Wall Street Self-defense

Taxes You Shouldn’t Pay

How your mutual funds are raising your IRS bill.

Own a mutual fund? If so, a couple of months ago, you probably got a note like this:

Dear Fund Owner: We are pleased to report that your fund did well in 2005. Thanks to the tireless efforts of our analysts, traders, and portfolio managers, we beat the market … 

Well, actually, you probably didn’t get a note like that, because most funds lag the market, but you probably got one trumpeting some fund feat or other. What you almost certainly didn’t get was a note like this:

Dear Fund Owner: We are sorry to report that your fund did poorly in 2005. Oh, we beat the market, but of course this performance was pretax. We would like to imply that pretax performance matters (everyone else does), but it doesn’t. Most of our shareholders have to pay taxes, and after taxes, our fund probably cost you a pretty penny.

It’s no mystery why you don’t get notes like this, even though they describe the reality for most fund owners (except for the market-beating part). Unless you own your fund in a tax-free retirement account, however (which some investors do—thus providing fund managers with an excuse), reading about pretax performance is a self-deluding waste of time. Instead, skip to the after-tax punch line, which, sadly, you probably won’t find in the annual letter. Because if you don’t, you’ll just be setting yourself up to get socked with an unexpected tax bill.

Like other investing costs—management fees, brokerage commissions, transaction costs, etc.—taxes have a big impact on investment returns. A 2000 study by First Quadrant L.P. confirmed the familiar finding that index funds outperform most mutual funds: In the 20 years through 1998, only 22 percent of U.S. equity funds beat Vanguard’s S&P 500 index fund. Of course, these numbers—and most such comparisons—actually overstated the performance of the equity funds, because they were pretax measures.

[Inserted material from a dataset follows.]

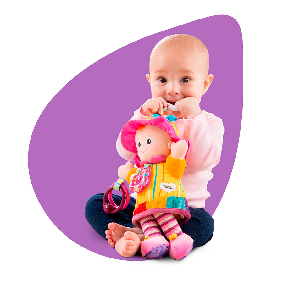 La primera muñeca del bebe tiene un collar de cascabel, anillos rugosos y sonidos interesantes y texturas.
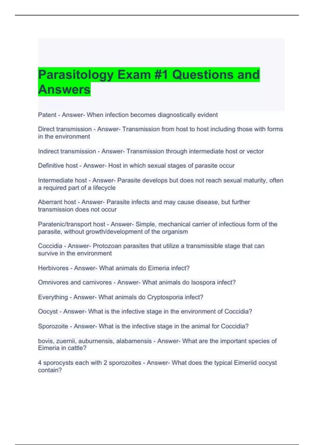 Parasitology Exam #1 Questions and Answers

Actively managed funds (run by stock-pickers) generally trade more often than index funds, and trading usually increases tax costs. So, First Quadrant took this study a step further and analyzed after-tax performance. It concluded that, after tax, only 16 percent of the funds did better than the index. The handful of funds that managed to beat the index, moreover, did so by far less (+1.46 percent per year) than the mediocre majority lagged it (-2.67 percent per year).

First Quadrant’s study also analyzed the amount of fund underperformance that was directly attributable to poor tax management. It found that the tax inefficiency of the average underperforming fund cost its owner -0.56 percent per year. Doesn’t sound like much? On a $100,000 investment, at a 10 percent rate of return, even a -0.56 percent annual lag would end up costing you $130,000 over 25 years. 

Tax costs come in several flavors: short-term capital gains (positions sold in less than one year), long-term capital gains (positions sold after more than one year), dividends, and deferred capital gains (eventual sale of fund shares). Under the current tax code, by far the most expensive of these is short-term capital gains. Once federal, state, and local tax collectors have taken their cut, investors in the top tax bracket can end up keeping less than half of their short-term return.

The first rule of tax management, therefore, is to avoid taking short-term gains. This means either never selling winning stocks or funds held for less than a year, or always offsetting such gains with short-term losses. It is the failure to follow this simple rule that clobbers the after-tax performance of many mutual funds. It is the same failure that often dooms today’s hottest investment vehicle—the hedge-fund—to after-tax mediocrity.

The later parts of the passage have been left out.